Later on it became clear that poor Davood had been stitched up by Hajji Berenji and his sons in order to get rid of him.

The menfolk of the lane, when gathered in the teahouse, whispered Davood’s name for a while and soon forgot all about him.

Every Friday Javaad Shangool and I bought packets of cigarettes and visited Davood in Tehran’s Central Penitentiary. He often asked about Zivar and his pigeons.

“I would be grateful, Hamid,” he would say, “if you could, every now and then, give water and millet to my pigeons and let them stretch their wings a bit.”

Following Davood’s request, I looked after his pigeons. After a while, however, the birds showed little willingness to leave the cage. When I opened the cage door to let them out, they cringed and huddled together. When I managed to urge them to come out, most of them flew very low and the tumblers tumbled no more. After a while some of them were lost, some were stolen by other pigeon-fanciers, and others perished.

Whenever I visited Davood in prison, I could not bring myself to tell him about the fate of his beloved ‘pretty ladies’.

***

One autumn day I went up to the roof to see if any of the disappeared pigeons had returned. Soot-covered feathers, fluttering in the autumnal breeze, clung to the wire mesh of the empty cage. As I walked towards the kharposhteh to come down, I glanced back at the opposite roof. I saw Zivar standing motionless, far too close to the edge of the roof, looking in my direction.
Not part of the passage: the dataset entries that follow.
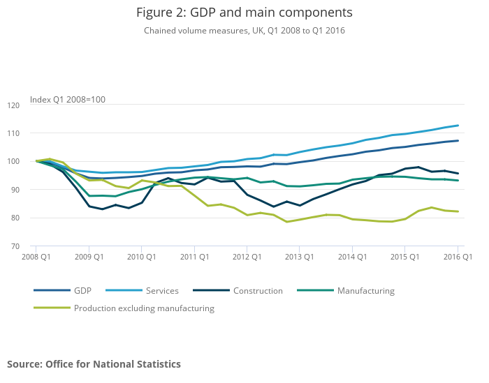 Chained volume measures, UK, Q1 2008 to Q1 2016
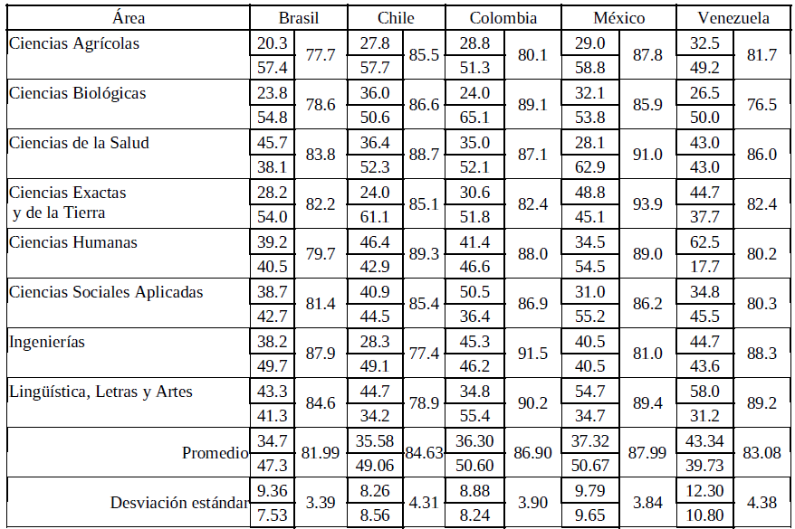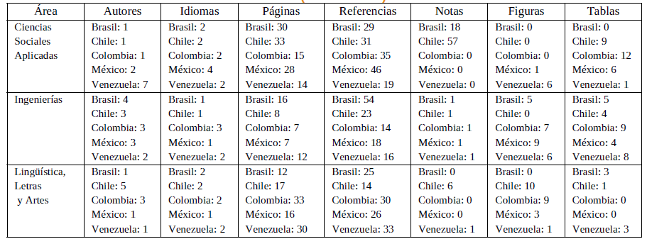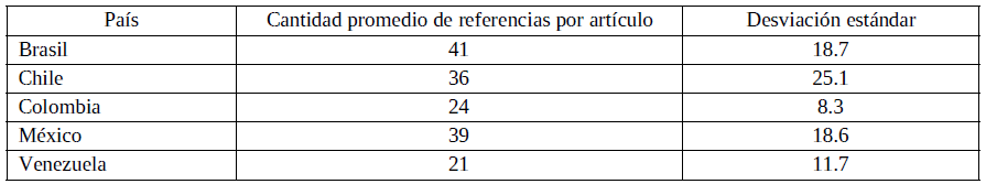 En el cuadro 6 se muestra que las cantidades promedio de referencias por artículo son muy similares para Brasil, Chile y México, siendo aproximadamente el doble que la cantidad de referencias de los artículos de Colombia y Venezuela.
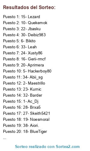 Lista de participantes: 1- Ac_Dj, 2- Maestrillo, 3- Rubio, 4- Partisano, 5- Hackerboy80, 6- Bikito, 7- Wilde_21, 8- Zyxlamonde, 9- Karagounis72, 10- Quekemok, 11- Valzakh, 12- Elhombremagma, 13- Colegita, 14- Andolas, 15- Lezard, 16- Gerii-rmcf, 17- Nastaroth, 18- BlueTiger, 19- Noesmoral, 20- Aprimera, 21- Oscarwani, 22- Jbasku, 23- Kurnic, 24- Xusty86, 25- Iteco, 26- Cocosesamo, 27- Skeith5421, 28- Brxa5, 29- Yiamzat, 30- Deibiz983, 31- MartinLancer, 32- Barder, 33- Leah, 34- Abii_sg, 35- Javisambo (Jlacarra), 36- SergioPe, 37- Cenit, 38- Aiori..
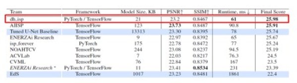 杭州2021年9月6日 /新闻稿网 - Xinwengao.com/ — 近日,由CVPR主办的MAI(Mobile AI Workshop)分会近期在线上举行。作为图像领域最具影响力的赛事之一,本届MAI 2021挑战赛由华为、OPPO、MTK、SAMSUNG、苏黎世理工共同主办。参赛队伍聚集了华为、百度、商汤、Horizon等国内外顶尖AI团队。大华股份图像算法部dh_isp团队提出的轻量化网络一举摘得ISP赛道冠军,充分展示了大华在图像增强领域的开拓创新的实力。
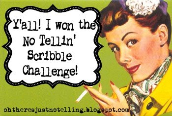 This week’s winner will, of course, earn the right to sport the No Tellin‘ Scribble Challenge badge on their blog. So enter often and don’t be too disgusting. The challenge ends Friday night, and I’ll announce the winner on Saturday.
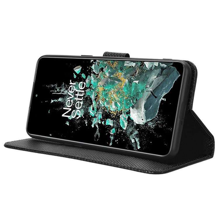 For OnePlus 10T 5G / Ace Pro 5G Diamond Texture Collision Resistant Phone Shell Magnetic Clasp PU Leather Stand Wallet Case with Wrist Strap - Black

Her chador was slipped down on her shoulders, revealing her abundant black hair. Afraid that anybody might see me alone on the roof looking at her, I left the roof at once.
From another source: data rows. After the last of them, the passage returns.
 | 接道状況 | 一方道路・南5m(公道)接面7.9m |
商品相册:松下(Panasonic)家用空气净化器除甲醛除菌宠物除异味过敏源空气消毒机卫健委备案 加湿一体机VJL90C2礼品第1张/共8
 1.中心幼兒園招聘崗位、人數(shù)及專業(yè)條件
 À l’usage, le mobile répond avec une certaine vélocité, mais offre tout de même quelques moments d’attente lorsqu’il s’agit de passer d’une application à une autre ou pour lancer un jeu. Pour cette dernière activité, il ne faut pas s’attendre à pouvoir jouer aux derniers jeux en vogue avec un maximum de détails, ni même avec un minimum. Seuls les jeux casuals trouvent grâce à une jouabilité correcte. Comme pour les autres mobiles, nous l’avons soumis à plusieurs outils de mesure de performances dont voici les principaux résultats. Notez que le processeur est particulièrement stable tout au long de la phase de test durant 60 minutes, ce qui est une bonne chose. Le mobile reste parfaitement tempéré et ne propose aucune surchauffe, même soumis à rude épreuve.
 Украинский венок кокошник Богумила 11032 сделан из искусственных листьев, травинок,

Towards the end of autumn, Zivar was married off to a merchant much older than her.

***

The day of Davood’s release I bought a cheap pair of trousers and a jacket for him and went to the Penitentiary.
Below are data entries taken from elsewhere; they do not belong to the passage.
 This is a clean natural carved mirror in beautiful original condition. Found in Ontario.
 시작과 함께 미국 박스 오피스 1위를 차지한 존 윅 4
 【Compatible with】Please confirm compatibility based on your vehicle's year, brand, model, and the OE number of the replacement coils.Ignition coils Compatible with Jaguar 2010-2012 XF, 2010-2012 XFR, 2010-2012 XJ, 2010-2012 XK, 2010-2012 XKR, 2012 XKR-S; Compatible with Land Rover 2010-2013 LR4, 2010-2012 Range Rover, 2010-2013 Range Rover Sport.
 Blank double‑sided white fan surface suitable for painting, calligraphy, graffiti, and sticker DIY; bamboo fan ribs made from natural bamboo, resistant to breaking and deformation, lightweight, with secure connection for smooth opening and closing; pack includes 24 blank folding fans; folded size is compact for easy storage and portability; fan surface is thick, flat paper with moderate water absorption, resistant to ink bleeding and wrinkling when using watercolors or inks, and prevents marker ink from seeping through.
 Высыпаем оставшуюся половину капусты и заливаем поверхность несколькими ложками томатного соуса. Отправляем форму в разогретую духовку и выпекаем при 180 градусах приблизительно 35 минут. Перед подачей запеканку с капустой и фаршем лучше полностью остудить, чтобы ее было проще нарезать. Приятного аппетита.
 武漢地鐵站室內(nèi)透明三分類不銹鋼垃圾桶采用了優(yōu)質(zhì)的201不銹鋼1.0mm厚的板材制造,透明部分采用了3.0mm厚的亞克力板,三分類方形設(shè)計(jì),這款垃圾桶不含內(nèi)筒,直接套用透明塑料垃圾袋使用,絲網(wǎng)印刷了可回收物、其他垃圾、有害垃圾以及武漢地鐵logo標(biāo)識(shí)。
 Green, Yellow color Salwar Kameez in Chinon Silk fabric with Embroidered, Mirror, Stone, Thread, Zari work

“Now you’re a new man in these new clothes, mate,” I told him, giving him a bear-hug the moment he stepped into the prison yard.

Upon arrival at the lodging house, the first thing Davood did was to dash upstairs to see his pigeons. I followed him. Leaning against the doorframe of the kharposhteh, I saw him standing beside the cage, peering into the blue sky, as if trying to spot some of his sooskis. He then looked at Zivar’s roof.

“Forgive me, Davood,” I said, walking up to him and putting my hand on his shoulder, “I did not want to add to your suffering in the prison by telling you about your pigeons and Zivar.”

“I know you did your best for my pigeons,” he said. “What about Zivar?”

“Last autumn they married her off to a rich merchant who took her away only God knows where.”

Davood looked again at the direction of Zivar’s roof on which washing was flapping in the gentle breeze. The head of a young woman, no doubt a servant girl, appeared from behind the washing. She was humming a popular love-ditty.

“Let’s go,” he said in a gruff voice, turning to me.

A few days later I found a job in the brickworks for Davood. Every morning we went to work together. We spent our afternoons in Haydar’s Teahouse talking about this and that. Davood never again talked about his pigeons, Zivar, or any other woman. The back-breaking work in the brickworks made him sleep soundly each night.

 

Glossary

 

aye zeki: exclamation of surprise mixed with mockery

chador: literally means ‘tent’. An open black cloak that covers the head and the entire body.

hauz: an ornamental pond in the middle of courtyard in traditional Persian houses used to wash clothes in, to floating fruits in during the summer, and to do ablutions.

Khan: honorific title added to the name of a gentleman

kharposhteh: a small attic room that opens out onto a roof.

salaam: hello, greetings 

toman: an unofficial monetary unit in Iran, equal to 10 rials.